Pebblebrook Hotel Trust has completed its previously announced acquisition of LaSalle Hotel Properties. With a portfolio of 64 upper-upscale and luxury hotels in or near 18 key urban markets, the combined company is now the largest owner of independent, lifestyle hotels.
“We are thrilled to bring together these two outstanding companies to create the premier, best-in-class lodging REIT, which we expect will maximize long-term value for all of our shareholders,” said Jon E. Bortz, Chairman, President and Chief Executive Officer of Pebblebrook. “We are eager to begin realizing the substantial benefits of this strategic combination as we execute our proven strategies with our newly expanded and diversified portfolio of unique hotels and resorts. I want to acknowledge Michael Barnello for his two decades of accomplishments at LaSalle and welcome LaSalle’s employees to our Pebblebrook family as we take the next step in the evolution of our company.”
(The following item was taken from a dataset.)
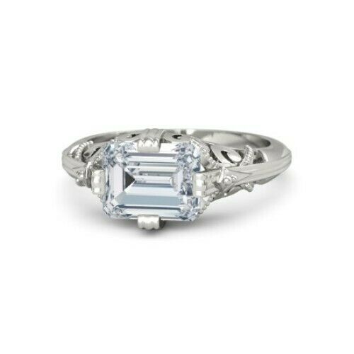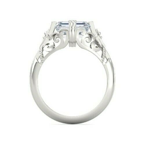 3Ct Emerald Cut Diamond Filigree Vintage Engagement Ring 14K White Gold Finish
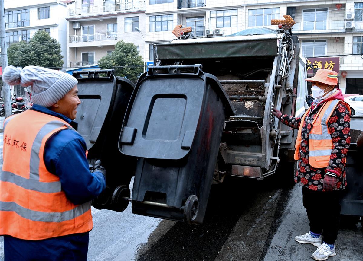 妻子胡菊姣看到胡佑元干环卫虽辛苦,却乐在其中,也主动要求加入环卫工作的行列。去年,胡菊姣被聘为垃圾收运挂桶工,夫妻二人从此并肩战斗在一起,工作中你帮我,我助你,成为汪集项目部有名的“夫妻档”,他们的事迹在汪集家喻户晓。儿子与儿媳十分自豪,在拍全家福时,他们为父母点赞,摄影师拍下了这有爱的瞬间。

In connection with the closing of the merger, five hotels were sold, generating $820.8 million of gross proceeds. The aggregate gross sales proceeds reflect a 15.6x EBITDA multiple and a 5.5% net operating income capitalization rate (after an assumed annual capital reserve of 4.0% of total hotel revenues) based on the trailing twelve-month operating performance for the period ended October 31, 2018. The gross sales prices and hotels sold were as follows:
$715.0 million, Park Central San Francisco and Park Central New York/WestHouse New York
$38.8 million, Gild Hall, New York
$67.0 million, Embassy Suites Philadelphia Center City
The sales of Gild Hall, New York and Embassy Suites Philadelphia City Center for a combined $105.8 million of gross proceeds represent the first sales pursuant to Pebblebrook’s previously announced strategic disposition program to sell between $750.0 million and $1.25 billion of LaSalle-legacy hotels over the next six to twelve months. The strategic disposition program will reduce Pebblebrook’s debt leverage while enhancing the quality and growth of the combined portfolio. As a result of these completed property sales and lower than previously forecasted merger transaction-related costs, Pebblebrook’s total net debt to trailing 12-month corporate EBITDA is estimated to be 5.1 times.
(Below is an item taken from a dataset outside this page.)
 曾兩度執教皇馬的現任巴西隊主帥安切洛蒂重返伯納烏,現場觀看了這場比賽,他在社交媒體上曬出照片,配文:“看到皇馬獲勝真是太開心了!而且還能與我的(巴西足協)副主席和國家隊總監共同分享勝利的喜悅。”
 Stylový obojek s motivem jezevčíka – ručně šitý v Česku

“Our completed property sales demonstrate our ability to quickly execute on our strategic disposition program,” noted Thomas C. Fisher, Chief Investment Officer of Pebblebrook. “We continue to be encouraged with the level of buyer interest in the assets that we are actively marketing for disposition.”
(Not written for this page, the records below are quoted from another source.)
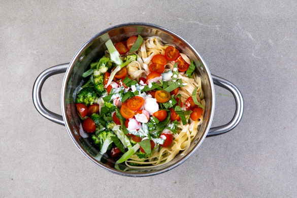 Die Pasta in das kochende Wasser geben und 6Min. kochen.
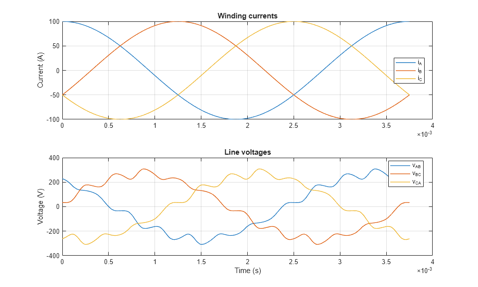 This plot shows the sinusoidal currents and the resulting line-to-line voltages. The flux dependence on the rotor angle results in the presence of the higher-order harmonics.
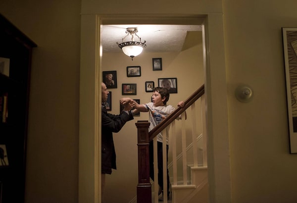 John Sutherland, left, tries to restrain his son Callum, 9, who has violently aggressive fits of frustration because of his severe autism, in their home in Bedford, N.S., on FridayDarren Calabrese/The Globe and Mail
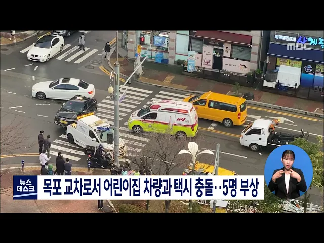 목포 교차로서 어린이집 차량과 택시 충돌.. 5명 부상

Jon E. Bortz will continue to serve as Chairman, President and Chief Executive Officer of Pebblebrook, Raymond D. Martz will continue to serve as Chief Financial Officer and Thomas C. Fisher will continue to serve as Chief Investment Officer. The Pebblebrook Board of Trustees remains unchanged, and the combined company will remain headquartered in Bethesda, Maryland. The common shares of the combined company will continue to trade on the NYSE under the symbol “PEB,” and Pebblebrook expects its newly issued 6.375% Series E Cumulative Redeemable Preferred Shares and 6.3% Series F Cumulative Redeemable Preferred Shares, which were issued in the merger in exchange for LaSalle’s 6.375% Series I Cumulative Redeemable Preferred Shares and 6.3% Series J Cumulative Redeemable Preferred Shares, respectively, will begin trading on the NYSE under the symbols “PEBPrE” and “PEBPrF,” respectively, on December 3, 2018.